Город был плоский, как ладошка. Но на берегу озера — говорят, еще при Наполеоне — был насыпан высокий холм; на холме разбили сад, и в саду стоял красивый многооконный белый дом, который построил для себя председатель Государственной думы Родзянко, высокий старик с огромным и длинным, как мешок муки, животом. Трудно сказать, как он набрел на это тишайшее в мире местечко, но выбрал место для дома хорошо, потому что виден был из него во все стороны километров на двадцать широкий и спокойный русский пейзаж, с лесами, болотами, озерами и деревнями.
На чердаке этого дома, у стереотрубы, я и увидел Ту-таева, красноармейца лет двадцати, с равнодушным, как мне показалось, безразличным лицом и совершенно седой головой. Вот его история. Она гораздо проще, чем можн было предполагать.
Целый месяц стереотруба, почти невидимая из-за гребня крыши, показывала ему все, что делалось перед ней на всем пространстве этого русского пейзажа. Опа приближала в двенадцать раз, и фашисты, ходившие по тропинкам, ездившие на велосипеде по деревне Бураково, были видны явственно, хотя деревня находилась в шести километрах от наблюдательного пункта.

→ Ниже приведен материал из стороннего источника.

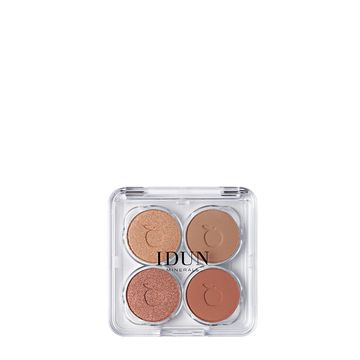 "(Shimmery Rose Champagne) Ingredients: Mica, Synthetic Fluorphlogopite, Triisostearin, Diisostearyl Malate, Magnesium Stearate, Octyldodecyl Stearoyl Stearate, Glyceryl Caprylate, Silica, Tin Oxide, Glyceryl Undecylenate, May Contain (+/-): C.I. 77891 (Titanium Dioxide), C.I. 77491 (Iron Oxides), C.I. 77492 (Iron Oxides), C.I. 77499 (Iron Oxides).(Matte Neutral Taupe) Ingredients: Synthetic Fluorphlogopite, Kaolin, Cellulose, C13-15 Alkane, Glyceryl Caprylate, Polyglyceryl-2 Tetraisostearate, Caprylyl Glycol, Aluminum Hydroxide, Dimethicone/Vinyl Dimethicone Crosspolymer, Glyceryl Undecylenate, Tocopheryl Acetate, May Contain (+/-): C.I. 77891 (Titanium Dioxide), C.I. 77492 (Iron Oxides), C.I. 77499 (Iron Oxides), C.I. 77491 (Iron Oxides), C.I. 77742 (Manganese Violet).(Shimmery Rose Gold) Ingredients: Mica, Synthetic Fluorphlogopite, Triisostearin, Diisostearyl Malate, Magnesium Stearate, Octyldodecyl Stearoyl Stearate, Glyceryl Caprylate, Silica, Tin Oxide, Glyceryl Undecylenate, May Contain (+/-): C.I. 77891 (Titanium Dioxide), C.I. 77491 (Iron Oxides), C.I. 77492 (Iron Oxides), C.I. 77499 (Iron Oxides).(Deep Rose Brown) Ingredients: Synthetic Fluorphlogopite, Kaolin, Cellulose, C13-15 Alkane, Glyceryl Caprylate, Polyglyceryl-2 Tetraisostearate, Caprylyl Glycol, Aluminum Hydroxide, Dimethicone/Vinyl Dimethicone Crosspolymer, Glyceryl Undecylenate, Tocopheryl Acetate, May Contain (+/-): C.I. 77891 (Titanium Dioxide), C.I. 77492 (Iron Oxides), C.I. 77499 (Iron Oxides), C.I. 77491 (Iron Oxides), C.I. 77742 (Manganese Violet).Please be aware that ingredient lists may change or vary from time to time. To confirm that an IDUN Minerals product is suitable for you, please check the ingredients list on the product packaging"
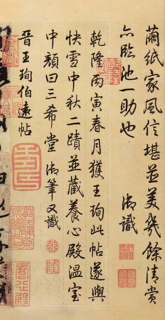 《伯远帖》在宋代及以后颇为人所重,《宣和书谱》《画禅室随笔》《书画记》《平生壮观》《石渠宝笈·初编》《古书画过眼要录》等均有著录。此帖至乾隆时入内府,乾隆皇帝钟情于魏晋风神,将书斋以“三希”命名,又于乾隆十二年(1747),将“三希”与内府所藏魏晋唐宋元明书家真迹,摹勒上石,刻为《三希堂法帖》。于是,此刻本便是我们今天所见《伯远帖》版本中十分重要的一种。不过三希堂本《伯远帖》改变了原帖的章法,分原帖五行为六行,打破了原帖的雍容排布;又将原帖中虚行圆转的笔画刻得实在不少,如“游”字之平捺刻出了明显的捺脚,削弱了原帖的萧散气息;比原帖在神韵上相差甚远,亦逊于明《馀清斋法帖》刻本。乾隆皇帝的钟情不仅在于刻帖,还在于临帖,他曾于乾隆十二年精心临习三帖,不过其中所临《快雪时晴帖》笔力过瘦,所临《中秋帖》章法过散,惟所临《伯远帖》于气息上与原帖略近,可以一观。
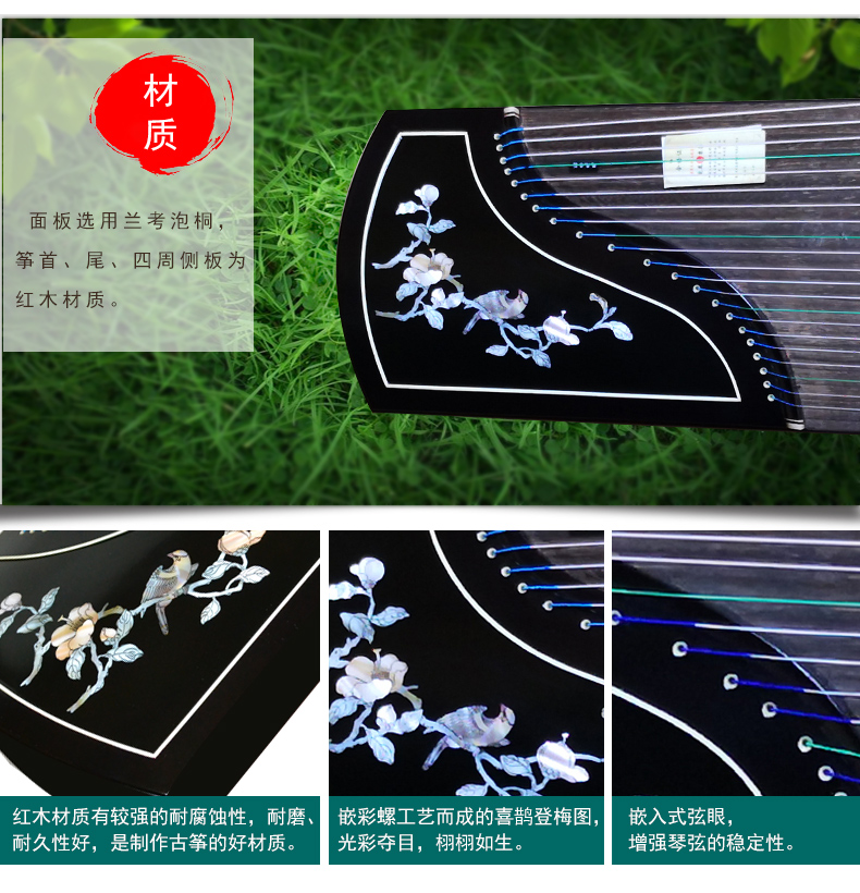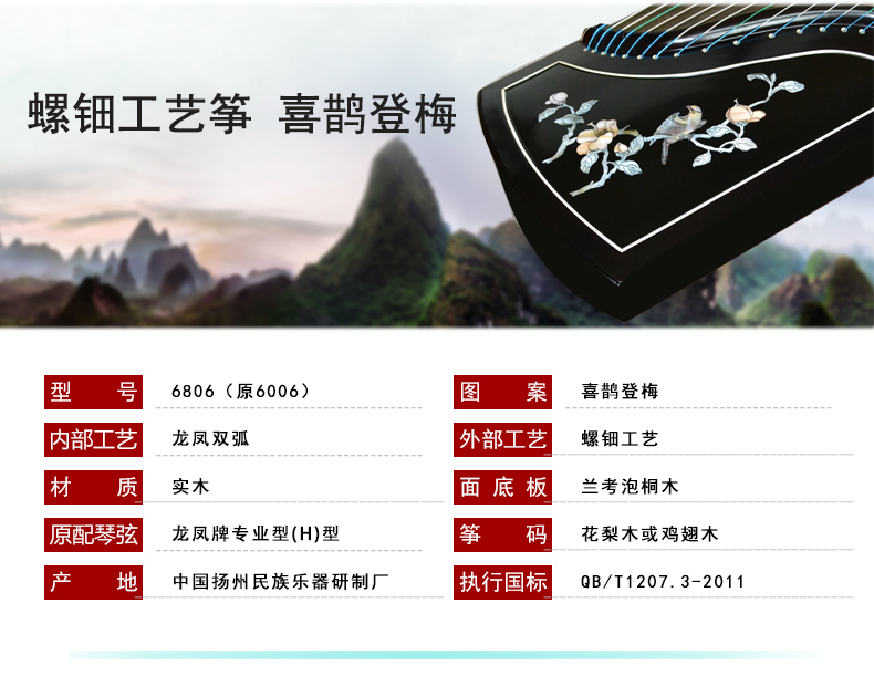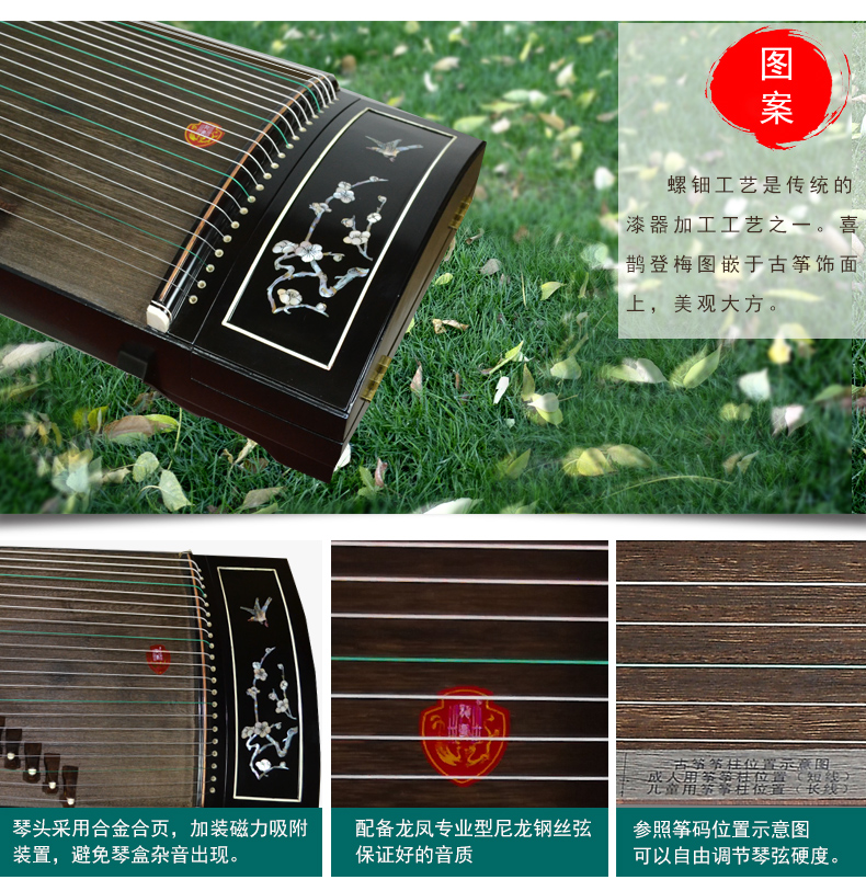 商品名称:龙凤品牌古筝厂家直销6806彩螺工艺筝喜鹊登梅古筝正品乐器
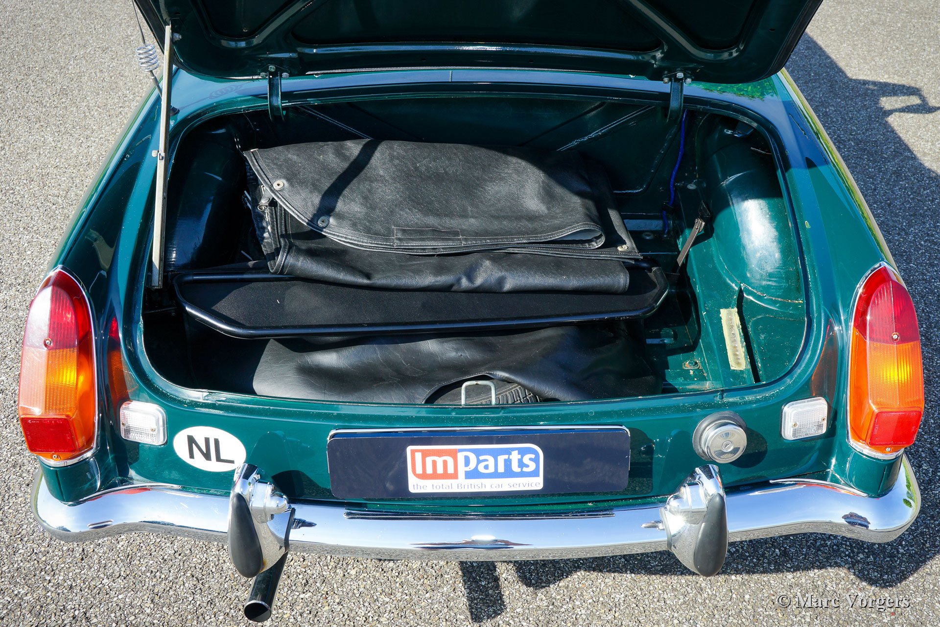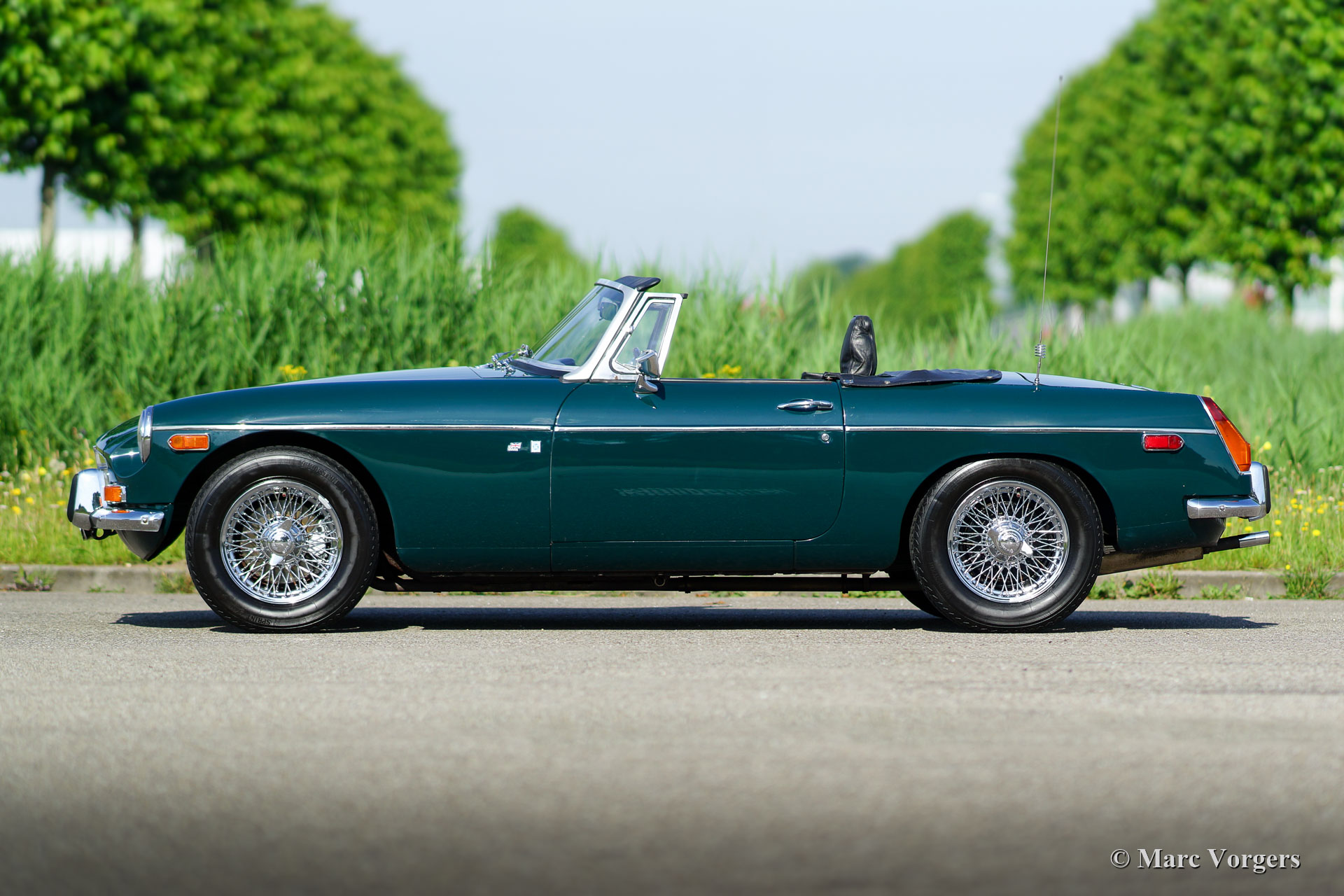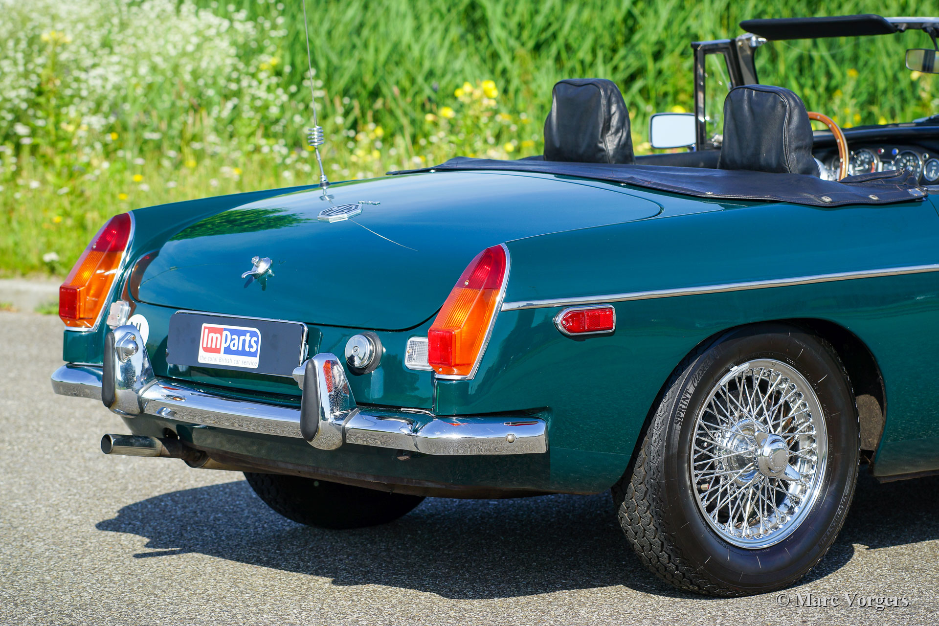 MG MGB roadster, jaar 1972. Kleur British Racing Green gecombineerd met een zwartleren interieur, zwart tapijt en een zwarte soft-top. Deze prachtige MGB roadster verkeert in een zeer goede conditie en de auto rijdt voortreffelijk! De 1800cc viercilindermotor loopt en klinkt perfect! Deze MGB heeft een goede anticorrosiebehandeling ondergaan van de bodem en de motorruimte. De auto is compleet uitgerust met overdrive, verchroomde spaakwielen, een MotoLita sportstuur met houten rand, een houten schakelpookknop, een zwarte tonneau cover, twee chromen achteruitkijkspiegels op de deuren, elektronische ontsteking, leren stoelen met hoofdsteunen en een windstop-scherm. Dit is een begerenswaardige MGB roadster en een geweldige rijdersauto! Deze MGB roadster is klaar voor elk nieuw avontuur in handen van een nieuwe eigenaar.
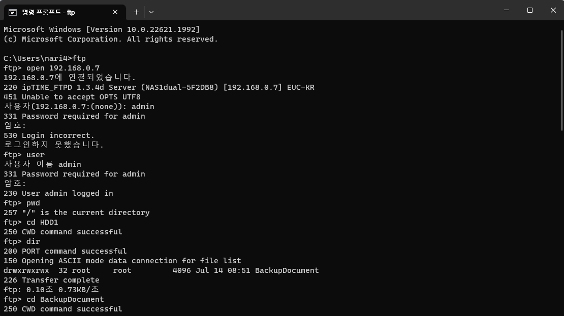 ftp을 실행하고
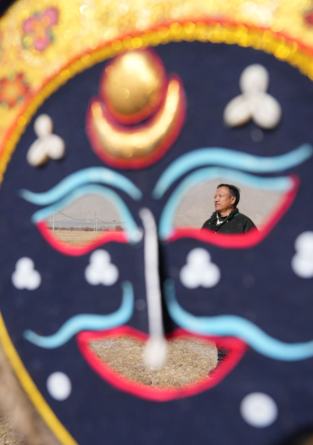 拉薩布制面具制作技藝西藏自治區(qū)級(jí)非遺傳承人西洛在合作社門前的空地上和同事一起檢查做好的西藏傳統(tǒng)面具。
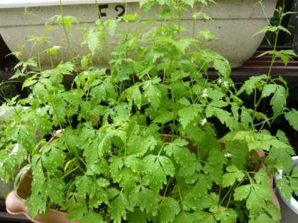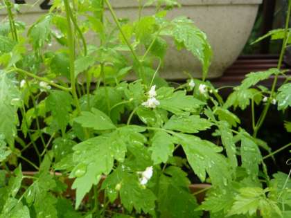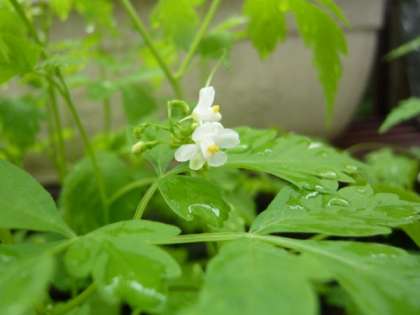 プランターで育てている「ふうせんかずら」に,白い小さな4弁の花が咲きました。この「ふうせんかずら」には,まだ「風船(実)」を見ることはできませんが,まもなくアサカオのように伸びていく蔦と,紙風船の形の果実が目を楽しませてくれるものと思います。
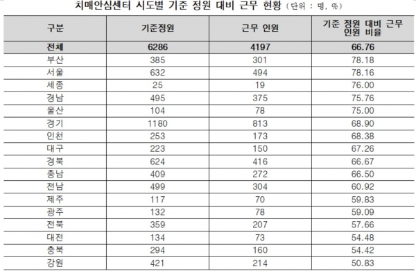 보건복지부가 설정한 치매안심센터의 전체 인력 정원인 6,284명 중 실제로 채용돼 현재 근무하고 있는 인력은 4,197명으로 인력충족 비율이 67% 수준이었다.
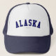 Verifique para fora este chapéu de Alaska! É você de Alaska? Você tem um amigo ou um membro da família que amem Alaska? Em caso afirmativo, este chapéu da "bandeira" é exatamente o presente que você está procurando! As características de design "Alaska" na rotulação arqueada do marinho na pia batismal clássica da faculdade.
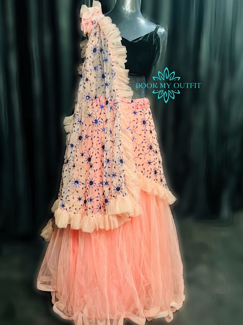 Browse a range of modern lehengas, gowns, and fancy sarees perfect for receptions, sangeets, and parties. This collection includes trendy designs like ruffled sarees and contemporary lehengas with unique blouses.
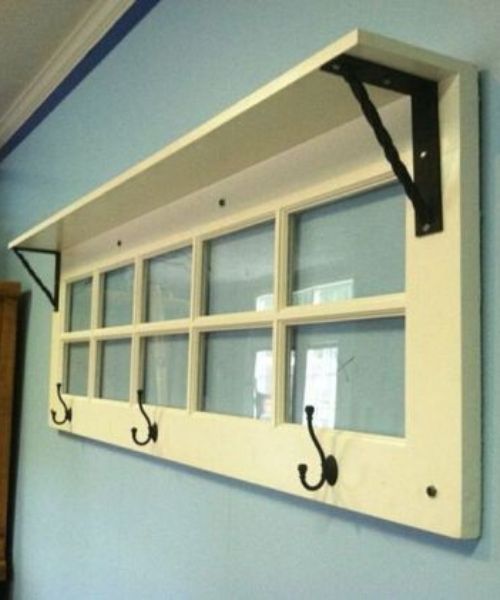 Essa é uma ideia com janela diferente, de vidro e esquadrias de madeira. Ela recebeu uma tábua na parte de cima para ser decorativa, e ganchos para pendurar os casacos e sombrinhas. É uma ótima sugestão para colocar no hall de entrada da casa.
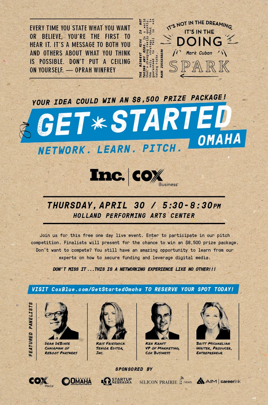 Get Started is a business networking and pitching event presented by Cox Business and Inc. Magazine. The scope of this project including branding, event marketing, collateral, display ads, and commercials spots. Our goal was to spread awareness for the event and to engage high level participants.
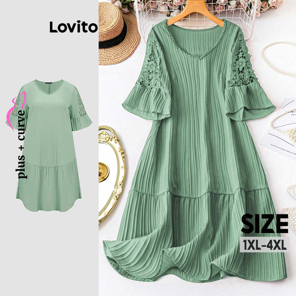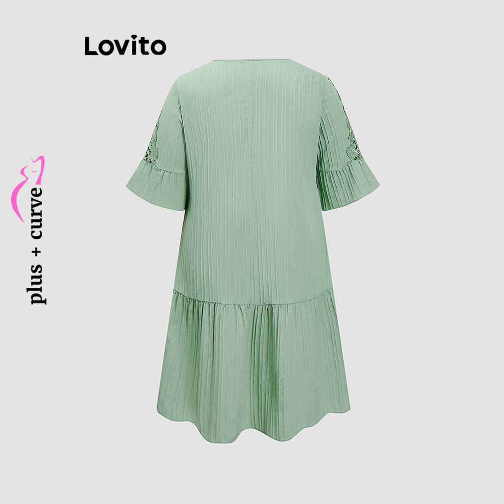 Lovito Vestido Curvo Plus Size Casual Vestido De Renda Lisa Para Mulheres LBL18876
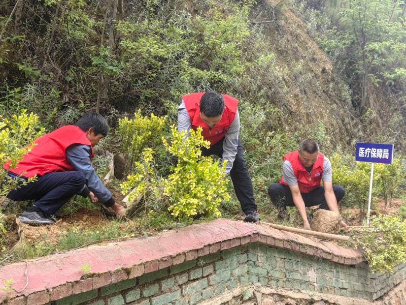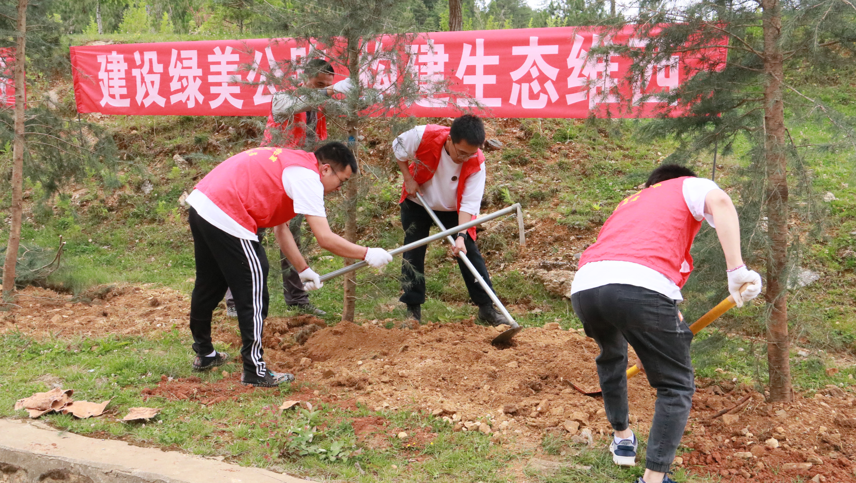 大家三五成群,有的用鋤頭鏟草,有的揮鍬挖坑,搬運樹苗、培土澆水……大家密切配合,各環(huán)節(jié)井然有序。
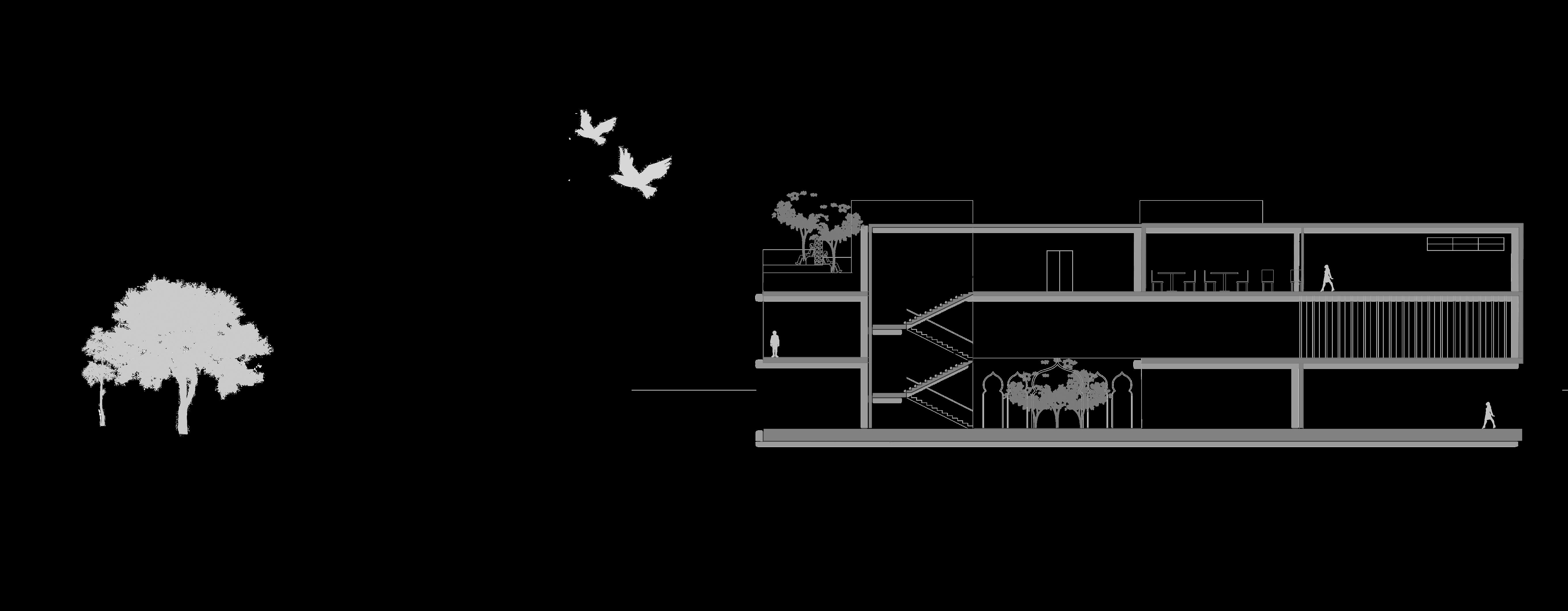 This museum was designed as an invitation to uncover the layers of Delhi’s past, reimagined for the future. This render captures the magnificent entry of huge arches while also encapsulating the intertwine of lush trees and multilevel terraces, blurring the boundaries between nature and structure.

Враги, может быть, и знали, что их видят, но знали они и то, что за шесть километров никто не станет стрелять из пушек по маленькой группе в три — четыре человека. И они ходили по деревне свободно, а когда время подходило к двенадцати и если погода была хорошая, раздевались догола и, не стесняясь жителей, загорали на солнце.
Тутаев наблюдал и записывал целый месяц. Теперь он знал всю округу наизусть и всех вражеских солдат и офицеров наперечет. Знал, когда у них смена караула, когда гуляют, когда спят, когда приезжает начальство, когда привозят водку, и все это было записано в книгу наблюдений.
Чтобы глаза не слишком уставали, он смотрел через светофильтр, а сквозь эти стекла цвет мира менялся: вода из голубой становилась зеленой, желтел прозрачный воздух, н бледные, с прозеленью тела немцев лежали на буроватом песке. Но глаза все-таки уставали, и тогда, чтобы отдохнуть, Тутаев оглядывался назад, где зеленел тихий городок, голубела вода, прозрачный чистый воздух прорезали быстрые ласточки и летали в нем тяжелые вороны.
Потом он снова принимался смотреть в стереотрубу.
Через месяц он пришел к командиру и, глядя, как всегда, равнодушно и даже как будто куда-то в сторону, попросил разрешения сходить с пехотной разведкой. Лейтенант Черныш, новый человек в дивизионе, удивился, поглядел на его безразличное лицо и отказал. Тутаев ушел и сел за свою трубу, но на следующий день пришел опять. Так он приходил целую неделю подряд, пока лейтенант не запретил ему приходить. Он перестал и каждый день с тем же выражением равнодушия сидел и глядел в трубу.